Segment Open

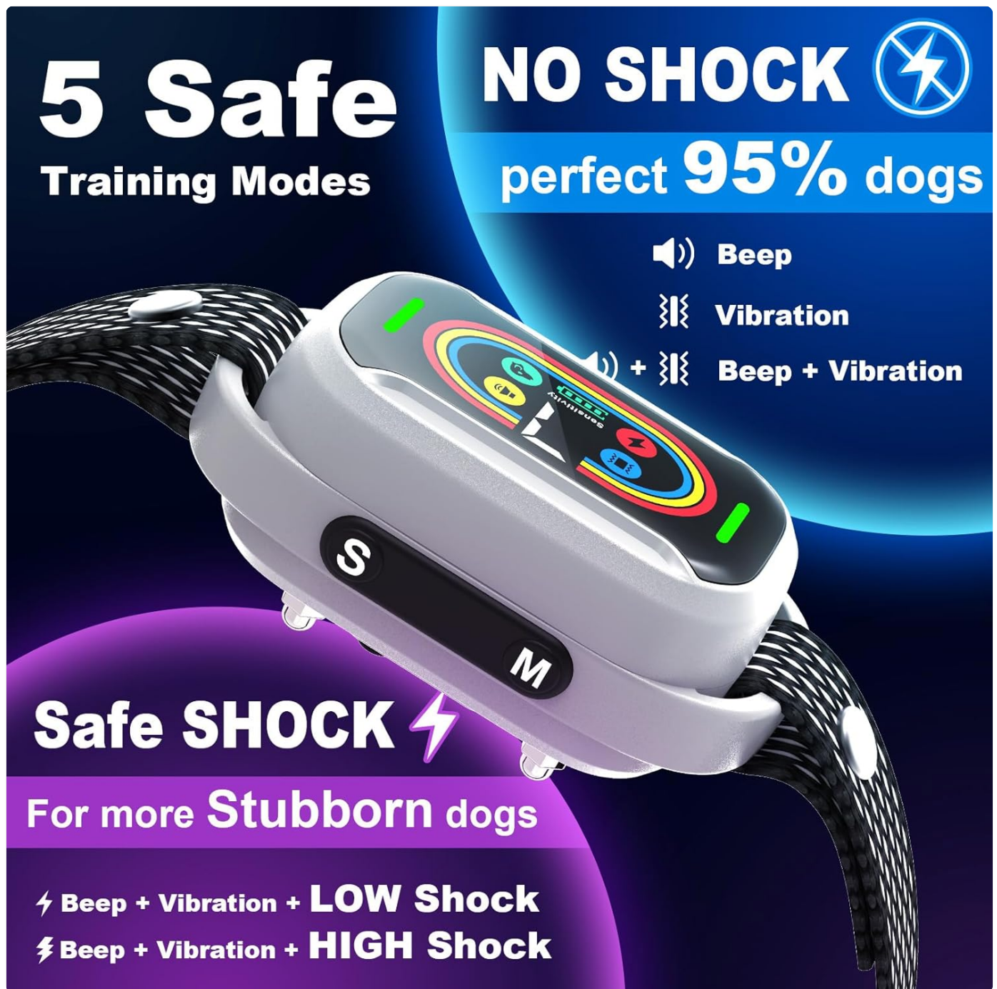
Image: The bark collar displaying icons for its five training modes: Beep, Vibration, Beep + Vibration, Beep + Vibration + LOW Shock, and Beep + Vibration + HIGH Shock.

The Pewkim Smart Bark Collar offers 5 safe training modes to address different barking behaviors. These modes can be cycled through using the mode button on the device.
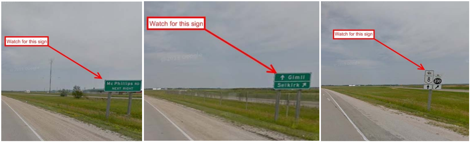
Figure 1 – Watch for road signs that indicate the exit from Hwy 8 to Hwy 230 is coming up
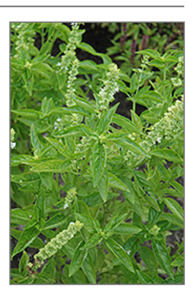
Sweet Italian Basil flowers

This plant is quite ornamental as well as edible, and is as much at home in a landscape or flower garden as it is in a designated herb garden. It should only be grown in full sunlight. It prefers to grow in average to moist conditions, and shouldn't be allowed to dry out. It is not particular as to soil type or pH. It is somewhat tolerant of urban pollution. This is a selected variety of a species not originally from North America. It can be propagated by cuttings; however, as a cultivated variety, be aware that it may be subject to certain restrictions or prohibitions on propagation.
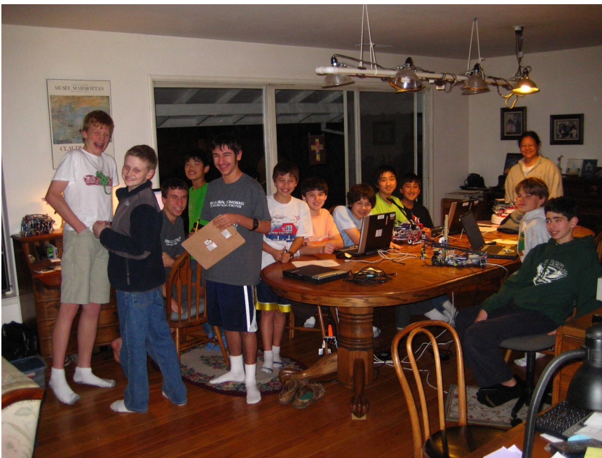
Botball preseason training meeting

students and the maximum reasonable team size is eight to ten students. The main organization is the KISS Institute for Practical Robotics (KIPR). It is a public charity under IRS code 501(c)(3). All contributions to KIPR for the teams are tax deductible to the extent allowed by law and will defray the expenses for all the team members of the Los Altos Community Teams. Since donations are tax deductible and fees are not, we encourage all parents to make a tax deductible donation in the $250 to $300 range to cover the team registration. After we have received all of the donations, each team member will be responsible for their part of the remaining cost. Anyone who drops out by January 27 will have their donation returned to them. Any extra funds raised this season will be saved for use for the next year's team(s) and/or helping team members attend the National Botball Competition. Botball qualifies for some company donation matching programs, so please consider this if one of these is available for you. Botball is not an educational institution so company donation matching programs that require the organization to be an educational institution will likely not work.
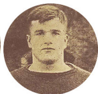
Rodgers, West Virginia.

Segment Closed
Segment Open

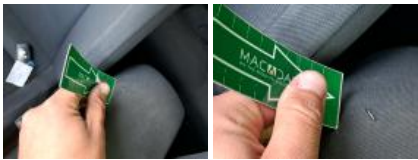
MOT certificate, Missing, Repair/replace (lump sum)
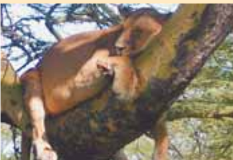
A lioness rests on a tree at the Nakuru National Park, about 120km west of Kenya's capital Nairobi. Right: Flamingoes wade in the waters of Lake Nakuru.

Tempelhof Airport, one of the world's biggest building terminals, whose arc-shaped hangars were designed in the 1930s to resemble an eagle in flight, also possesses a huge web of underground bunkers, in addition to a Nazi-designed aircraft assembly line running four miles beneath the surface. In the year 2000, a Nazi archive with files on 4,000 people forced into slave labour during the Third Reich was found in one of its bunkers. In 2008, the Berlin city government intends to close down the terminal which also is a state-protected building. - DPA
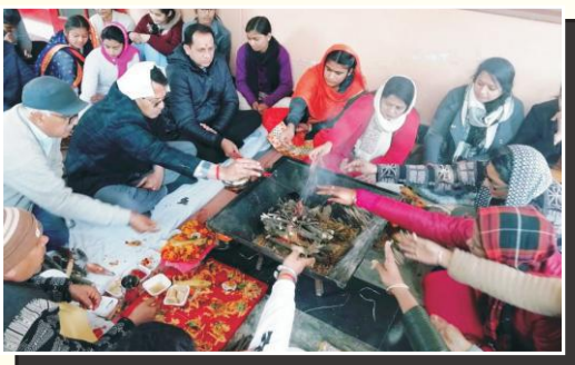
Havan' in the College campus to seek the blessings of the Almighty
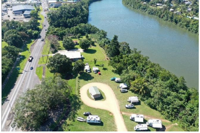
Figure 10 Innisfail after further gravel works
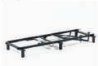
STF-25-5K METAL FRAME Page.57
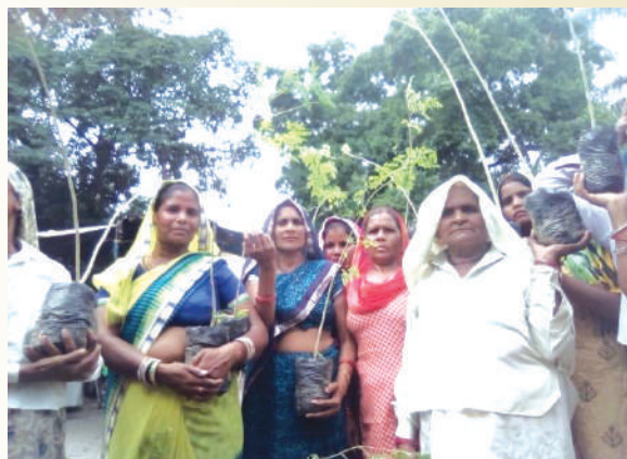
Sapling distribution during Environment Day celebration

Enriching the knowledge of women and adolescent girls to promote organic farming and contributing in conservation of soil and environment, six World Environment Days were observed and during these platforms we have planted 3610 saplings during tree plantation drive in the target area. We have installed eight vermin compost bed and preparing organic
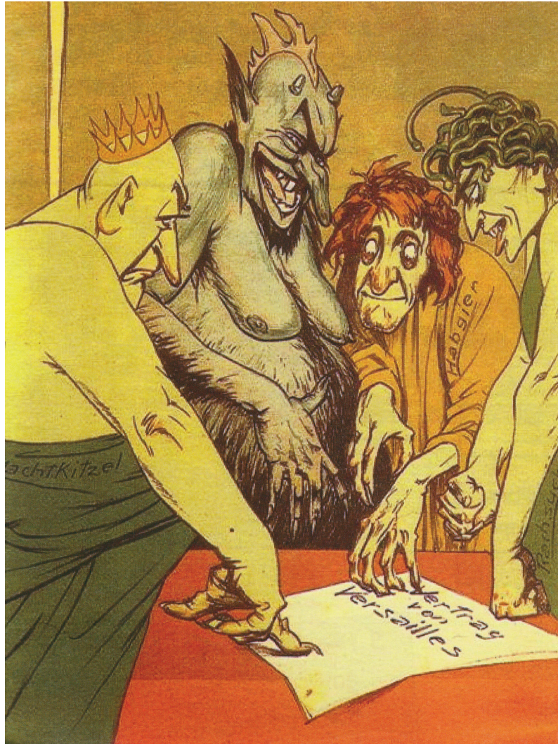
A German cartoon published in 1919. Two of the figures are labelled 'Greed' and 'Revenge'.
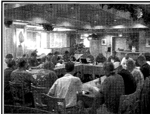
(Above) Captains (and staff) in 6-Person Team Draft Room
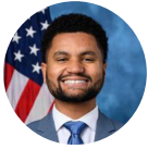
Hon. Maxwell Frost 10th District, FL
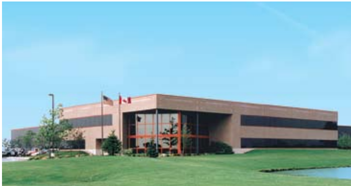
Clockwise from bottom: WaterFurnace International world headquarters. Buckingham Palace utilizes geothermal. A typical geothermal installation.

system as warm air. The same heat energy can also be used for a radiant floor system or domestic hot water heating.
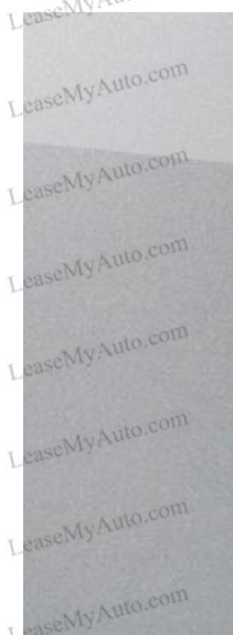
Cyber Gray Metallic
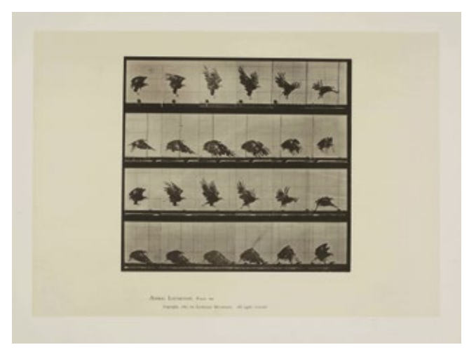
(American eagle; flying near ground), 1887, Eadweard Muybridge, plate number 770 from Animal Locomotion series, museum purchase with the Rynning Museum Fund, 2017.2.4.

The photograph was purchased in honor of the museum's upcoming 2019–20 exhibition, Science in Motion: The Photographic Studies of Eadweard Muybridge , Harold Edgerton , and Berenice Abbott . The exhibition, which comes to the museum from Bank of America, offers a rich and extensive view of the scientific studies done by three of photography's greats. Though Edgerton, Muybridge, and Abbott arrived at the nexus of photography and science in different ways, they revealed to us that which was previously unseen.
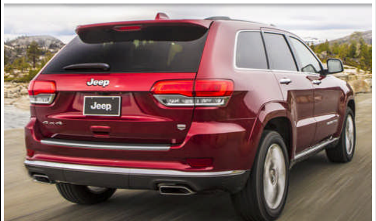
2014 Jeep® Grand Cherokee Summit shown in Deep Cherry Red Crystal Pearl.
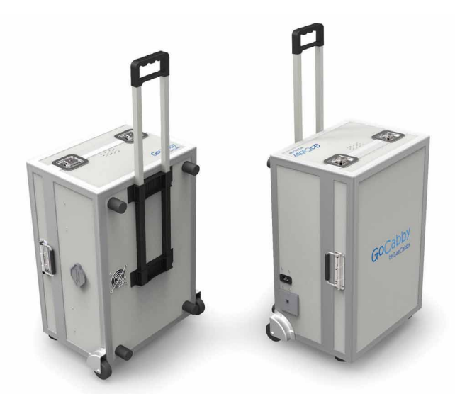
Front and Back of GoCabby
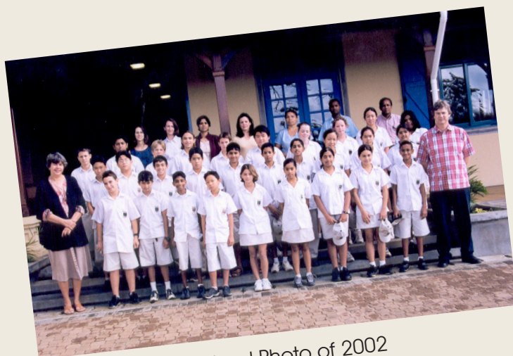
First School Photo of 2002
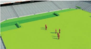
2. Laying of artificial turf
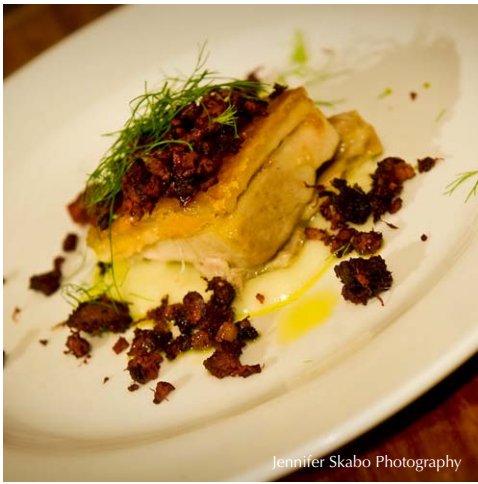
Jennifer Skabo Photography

Segment Closed
Segment Open

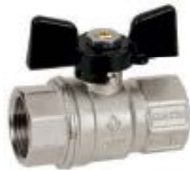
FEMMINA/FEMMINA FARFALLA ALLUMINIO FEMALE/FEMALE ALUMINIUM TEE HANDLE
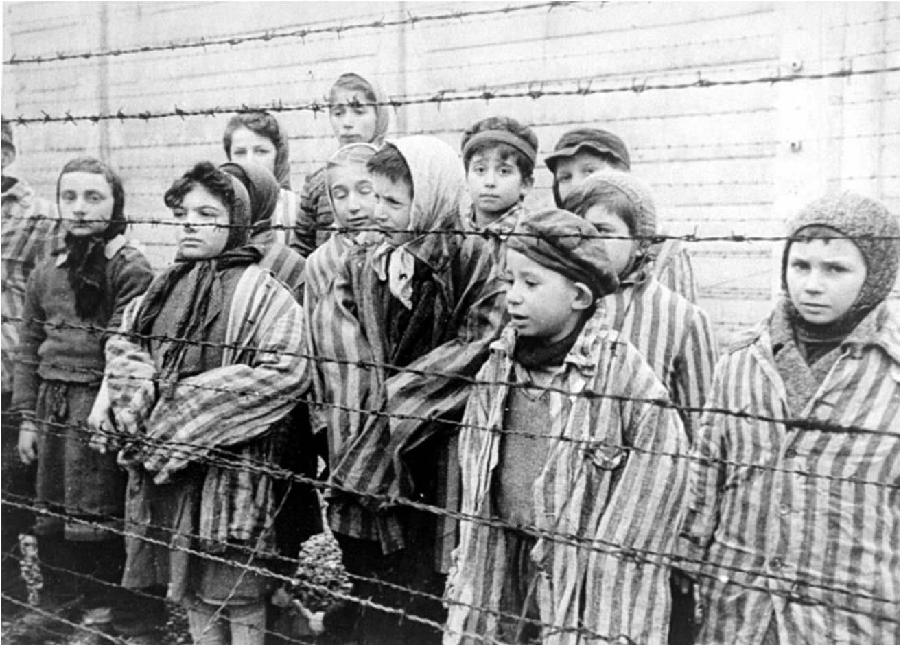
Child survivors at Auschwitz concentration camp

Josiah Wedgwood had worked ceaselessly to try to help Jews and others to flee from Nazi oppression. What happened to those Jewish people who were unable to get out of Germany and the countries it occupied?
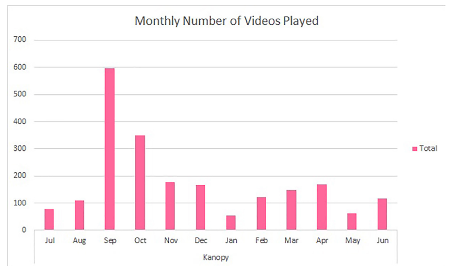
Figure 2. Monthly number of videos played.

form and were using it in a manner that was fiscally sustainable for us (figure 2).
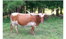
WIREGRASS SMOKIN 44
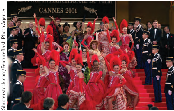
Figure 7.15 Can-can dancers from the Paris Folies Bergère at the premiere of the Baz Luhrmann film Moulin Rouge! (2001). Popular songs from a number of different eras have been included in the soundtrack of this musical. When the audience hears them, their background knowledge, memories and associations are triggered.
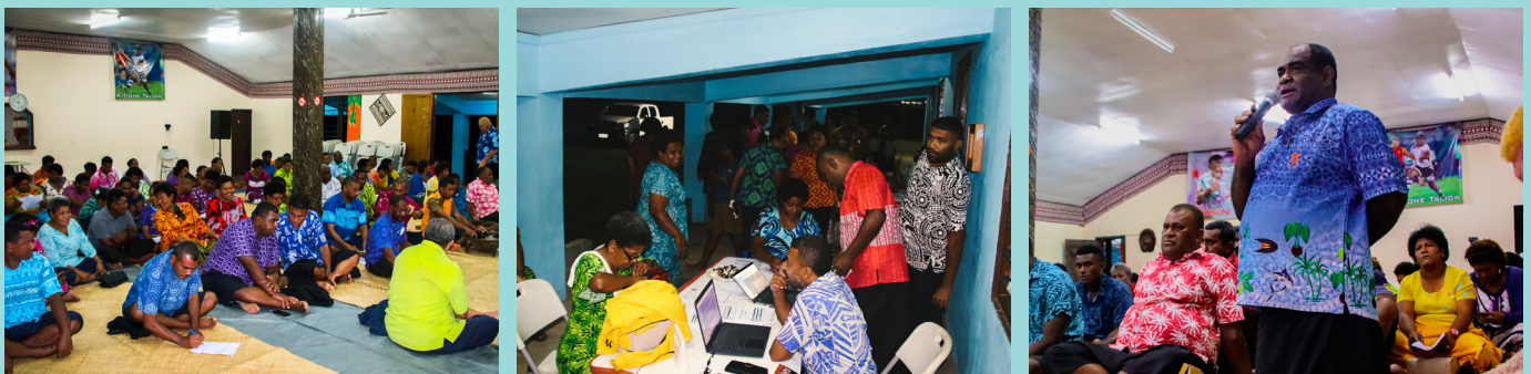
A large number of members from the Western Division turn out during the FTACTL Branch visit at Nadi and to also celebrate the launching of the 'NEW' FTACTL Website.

Segment Closed

What you have to do
The answer is the lines above from the one with "WIREGRASS SMOKIN 44" to the one with "A large number", set down exactly, with no pictures.

Final answer
WIREGRASS SMOKIN 44
Figure 7.15 Can-can dancers from the Paris Folies Bergère at the premiere of the Baz Luhrmann film Moulin Rouge! (2001). Popular songs from a number of different eras have been included in the soundtrack of this musical. When the audience hears them, their background knowledge, memories and associations are triggered.
A large number of members from the Western Division turn out during the FTACTL Branch visit at Nadi and to also celebrate the launching of the 'NEW' FTACTL Website.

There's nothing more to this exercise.